British pound rises on reports that the UK government will

British pound rises on reports that the UK government will reverse cuts in the top tax rate

British Chancellor Kwasi Kwarteng outside 10 Downing Street. The UK will cap electricity and gas costs for businesses.

Rob Pinney | News from Getty Images | Getty Images

The cuts were poorly received by financial markets, and abolishing the 45 per cent tax paid on incomes over £150,000 ($166,770) was also seen as politically toxic as Britons cope with a cost-of-living crisis.

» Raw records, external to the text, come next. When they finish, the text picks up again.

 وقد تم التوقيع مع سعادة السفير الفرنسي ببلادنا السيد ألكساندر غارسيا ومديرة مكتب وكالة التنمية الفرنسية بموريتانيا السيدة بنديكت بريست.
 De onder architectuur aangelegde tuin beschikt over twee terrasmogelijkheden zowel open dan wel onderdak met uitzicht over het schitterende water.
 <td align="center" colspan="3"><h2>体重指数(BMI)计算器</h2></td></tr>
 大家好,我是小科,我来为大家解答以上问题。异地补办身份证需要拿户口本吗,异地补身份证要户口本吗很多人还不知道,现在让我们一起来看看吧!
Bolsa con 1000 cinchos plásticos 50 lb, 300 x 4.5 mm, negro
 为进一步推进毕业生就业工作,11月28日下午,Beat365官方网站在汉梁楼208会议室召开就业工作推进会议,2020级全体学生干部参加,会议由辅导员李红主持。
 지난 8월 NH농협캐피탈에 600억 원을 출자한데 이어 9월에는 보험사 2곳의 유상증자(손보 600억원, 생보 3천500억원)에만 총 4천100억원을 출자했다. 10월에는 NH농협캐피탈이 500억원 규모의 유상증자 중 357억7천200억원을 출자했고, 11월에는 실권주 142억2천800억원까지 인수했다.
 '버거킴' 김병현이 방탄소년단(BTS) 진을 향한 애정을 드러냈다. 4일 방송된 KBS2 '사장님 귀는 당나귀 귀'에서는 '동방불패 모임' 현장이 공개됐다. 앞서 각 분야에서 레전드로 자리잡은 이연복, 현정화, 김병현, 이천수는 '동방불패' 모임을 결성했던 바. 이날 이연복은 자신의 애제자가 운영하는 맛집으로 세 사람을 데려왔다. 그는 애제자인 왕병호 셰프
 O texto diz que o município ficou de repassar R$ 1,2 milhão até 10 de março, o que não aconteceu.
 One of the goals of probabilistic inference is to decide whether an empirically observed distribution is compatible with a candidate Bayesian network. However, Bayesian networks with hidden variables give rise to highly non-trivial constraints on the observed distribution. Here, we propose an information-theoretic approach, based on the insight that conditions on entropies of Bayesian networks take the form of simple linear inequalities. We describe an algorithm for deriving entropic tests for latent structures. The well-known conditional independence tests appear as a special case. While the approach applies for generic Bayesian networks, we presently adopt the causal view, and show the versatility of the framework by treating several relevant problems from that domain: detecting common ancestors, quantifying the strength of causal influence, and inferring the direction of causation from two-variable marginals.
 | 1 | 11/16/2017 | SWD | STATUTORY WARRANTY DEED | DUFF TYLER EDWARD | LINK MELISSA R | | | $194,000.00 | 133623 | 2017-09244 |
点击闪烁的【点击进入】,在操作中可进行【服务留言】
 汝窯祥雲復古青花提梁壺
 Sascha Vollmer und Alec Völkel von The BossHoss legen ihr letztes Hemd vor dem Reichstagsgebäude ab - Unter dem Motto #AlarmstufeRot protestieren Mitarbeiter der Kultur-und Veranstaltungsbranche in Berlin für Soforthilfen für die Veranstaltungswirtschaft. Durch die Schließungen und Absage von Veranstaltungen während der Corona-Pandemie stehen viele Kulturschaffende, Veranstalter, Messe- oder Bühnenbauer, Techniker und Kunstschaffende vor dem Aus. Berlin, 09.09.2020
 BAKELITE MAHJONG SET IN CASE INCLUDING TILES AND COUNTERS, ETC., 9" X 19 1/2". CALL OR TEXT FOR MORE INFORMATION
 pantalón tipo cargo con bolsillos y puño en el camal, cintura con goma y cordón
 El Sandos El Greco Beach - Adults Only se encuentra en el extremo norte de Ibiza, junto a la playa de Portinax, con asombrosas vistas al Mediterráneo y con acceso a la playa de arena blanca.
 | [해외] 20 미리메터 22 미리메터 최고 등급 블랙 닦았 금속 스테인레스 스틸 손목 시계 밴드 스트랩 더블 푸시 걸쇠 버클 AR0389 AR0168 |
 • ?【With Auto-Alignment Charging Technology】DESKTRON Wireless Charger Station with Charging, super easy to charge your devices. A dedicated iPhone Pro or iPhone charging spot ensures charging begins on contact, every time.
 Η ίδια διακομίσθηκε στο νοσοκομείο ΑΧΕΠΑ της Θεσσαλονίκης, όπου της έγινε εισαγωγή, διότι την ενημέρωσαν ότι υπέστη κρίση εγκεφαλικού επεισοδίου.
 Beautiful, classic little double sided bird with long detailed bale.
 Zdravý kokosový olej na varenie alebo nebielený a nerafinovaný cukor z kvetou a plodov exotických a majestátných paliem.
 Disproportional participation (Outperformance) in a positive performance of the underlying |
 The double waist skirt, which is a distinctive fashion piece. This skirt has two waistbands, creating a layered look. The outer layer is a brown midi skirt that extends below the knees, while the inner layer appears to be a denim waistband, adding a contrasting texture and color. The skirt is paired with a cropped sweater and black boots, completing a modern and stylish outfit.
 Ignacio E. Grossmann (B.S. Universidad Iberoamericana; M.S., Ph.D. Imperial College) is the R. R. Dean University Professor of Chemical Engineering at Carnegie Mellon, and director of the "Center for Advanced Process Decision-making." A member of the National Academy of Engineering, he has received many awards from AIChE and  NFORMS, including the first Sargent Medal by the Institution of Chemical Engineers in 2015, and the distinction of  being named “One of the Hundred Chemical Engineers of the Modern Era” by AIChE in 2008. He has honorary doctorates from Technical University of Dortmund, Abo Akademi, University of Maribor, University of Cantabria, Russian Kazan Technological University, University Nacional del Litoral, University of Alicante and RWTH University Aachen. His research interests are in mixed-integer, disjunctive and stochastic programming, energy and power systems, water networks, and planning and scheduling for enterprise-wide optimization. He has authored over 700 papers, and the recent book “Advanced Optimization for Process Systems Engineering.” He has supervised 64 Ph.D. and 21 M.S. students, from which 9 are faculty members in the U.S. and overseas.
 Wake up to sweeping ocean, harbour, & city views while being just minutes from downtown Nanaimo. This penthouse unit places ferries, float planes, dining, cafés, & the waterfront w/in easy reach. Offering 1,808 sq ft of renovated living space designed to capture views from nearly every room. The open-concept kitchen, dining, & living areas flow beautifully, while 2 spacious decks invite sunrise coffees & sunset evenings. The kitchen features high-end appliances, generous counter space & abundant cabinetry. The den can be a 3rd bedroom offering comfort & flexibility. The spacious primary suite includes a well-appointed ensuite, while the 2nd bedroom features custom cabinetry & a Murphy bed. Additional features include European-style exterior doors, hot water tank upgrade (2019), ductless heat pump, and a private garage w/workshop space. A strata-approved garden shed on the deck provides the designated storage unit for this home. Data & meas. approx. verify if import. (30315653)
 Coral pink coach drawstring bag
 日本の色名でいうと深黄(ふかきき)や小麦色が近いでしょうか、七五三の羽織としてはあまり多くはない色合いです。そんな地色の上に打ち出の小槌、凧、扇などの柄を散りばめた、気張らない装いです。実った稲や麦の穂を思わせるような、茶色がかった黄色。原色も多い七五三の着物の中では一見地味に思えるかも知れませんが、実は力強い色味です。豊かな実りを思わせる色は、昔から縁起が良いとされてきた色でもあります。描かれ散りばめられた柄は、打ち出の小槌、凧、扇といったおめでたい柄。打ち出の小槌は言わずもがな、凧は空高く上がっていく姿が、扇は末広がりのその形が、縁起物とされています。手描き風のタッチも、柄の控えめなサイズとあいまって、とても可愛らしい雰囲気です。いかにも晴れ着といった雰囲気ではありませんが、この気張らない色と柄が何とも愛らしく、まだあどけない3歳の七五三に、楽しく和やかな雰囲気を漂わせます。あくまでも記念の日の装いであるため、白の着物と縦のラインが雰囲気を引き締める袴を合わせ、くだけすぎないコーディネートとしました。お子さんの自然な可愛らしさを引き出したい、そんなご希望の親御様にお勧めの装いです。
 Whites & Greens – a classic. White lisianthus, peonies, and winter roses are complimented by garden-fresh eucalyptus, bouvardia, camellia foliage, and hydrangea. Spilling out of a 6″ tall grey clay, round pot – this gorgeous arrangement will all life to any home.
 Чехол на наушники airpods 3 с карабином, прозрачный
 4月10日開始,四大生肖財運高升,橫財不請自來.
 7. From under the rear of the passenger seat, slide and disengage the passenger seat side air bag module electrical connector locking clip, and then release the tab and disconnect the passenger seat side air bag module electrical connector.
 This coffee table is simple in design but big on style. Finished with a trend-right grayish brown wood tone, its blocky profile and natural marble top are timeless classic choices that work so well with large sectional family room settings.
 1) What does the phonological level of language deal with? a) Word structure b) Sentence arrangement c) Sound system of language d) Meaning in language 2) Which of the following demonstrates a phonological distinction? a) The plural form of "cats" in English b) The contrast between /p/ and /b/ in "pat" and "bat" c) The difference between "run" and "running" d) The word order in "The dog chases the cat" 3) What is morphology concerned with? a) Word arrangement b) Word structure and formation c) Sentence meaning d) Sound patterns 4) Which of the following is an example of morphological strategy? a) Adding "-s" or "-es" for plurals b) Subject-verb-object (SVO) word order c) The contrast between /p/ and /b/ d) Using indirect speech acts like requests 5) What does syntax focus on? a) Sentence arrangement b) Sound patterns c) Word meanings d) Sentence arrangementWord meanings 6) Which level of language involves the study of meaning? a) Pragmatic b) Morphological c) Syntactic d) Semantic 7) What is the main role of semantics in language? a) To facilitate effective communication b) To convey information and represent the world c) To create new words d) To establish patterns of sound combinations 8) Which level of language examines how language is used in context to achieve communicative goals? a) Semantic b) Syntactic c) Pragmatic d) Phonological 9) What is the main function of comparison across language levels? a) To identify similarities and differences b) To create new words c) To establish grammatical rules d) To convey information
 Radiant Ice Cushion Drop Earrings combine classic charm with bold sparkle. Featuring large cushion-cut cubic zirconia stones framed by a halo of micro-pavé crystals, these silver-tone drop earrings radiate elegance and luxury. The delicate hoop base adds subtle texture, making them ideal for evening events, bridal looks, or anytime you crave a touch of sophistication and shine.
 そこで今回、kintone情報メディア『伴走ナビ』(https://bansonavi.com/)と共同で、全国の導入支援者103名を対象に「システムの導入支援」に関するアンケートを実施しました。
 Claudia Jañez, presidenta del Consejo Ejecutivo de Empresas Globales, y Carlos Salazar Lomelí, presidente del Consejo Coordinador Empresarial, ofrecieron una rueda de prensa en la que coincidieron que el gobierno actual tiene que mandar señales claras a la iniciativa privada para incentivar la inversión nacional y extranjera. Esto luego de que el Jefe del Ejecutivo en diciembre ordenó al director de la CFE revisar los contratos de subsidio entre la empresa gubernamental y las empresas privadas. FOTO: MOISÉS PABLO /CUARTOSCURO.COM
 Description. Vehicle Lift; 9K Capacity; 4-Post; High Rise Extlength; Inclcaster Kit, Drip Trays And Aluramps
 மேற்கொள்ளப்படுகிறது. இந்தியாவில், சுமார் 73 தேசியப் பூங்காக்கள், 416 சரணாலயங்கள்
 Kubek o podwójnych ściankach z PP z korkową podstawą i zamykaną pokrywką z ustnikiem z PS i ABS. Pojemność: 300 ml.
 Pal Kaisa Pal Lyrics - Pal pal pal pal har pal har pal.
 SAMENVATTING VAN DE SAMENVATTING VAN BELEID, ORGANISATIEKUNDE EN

With the ruling Conservative Party plummeting in opinion polls since the announcement, in a rare move also drawn criticism from the International Monetary Fund, several of its own politicians have spoken out against the proposals.

Grant Shapps, the former transport secretary, said in a BBC interview on Monday morning that reversing the top-rate tax cut was a “reasonable response” because a tax cut for “the people who need it least… is kind of irritating to people.” which was unsustainable.”

It marks a major and humiliating about-face for new Prime Minister Liz Truss, who as late as Sunday insisted she was “absolutely committed” to the cut.

She also announced that the decision had been made by Kwarteng and had not been communicated to her entire cabinet. The plan would have given the country’s 660,000 top earners an average annual gain of £10,000, the Treasury had said.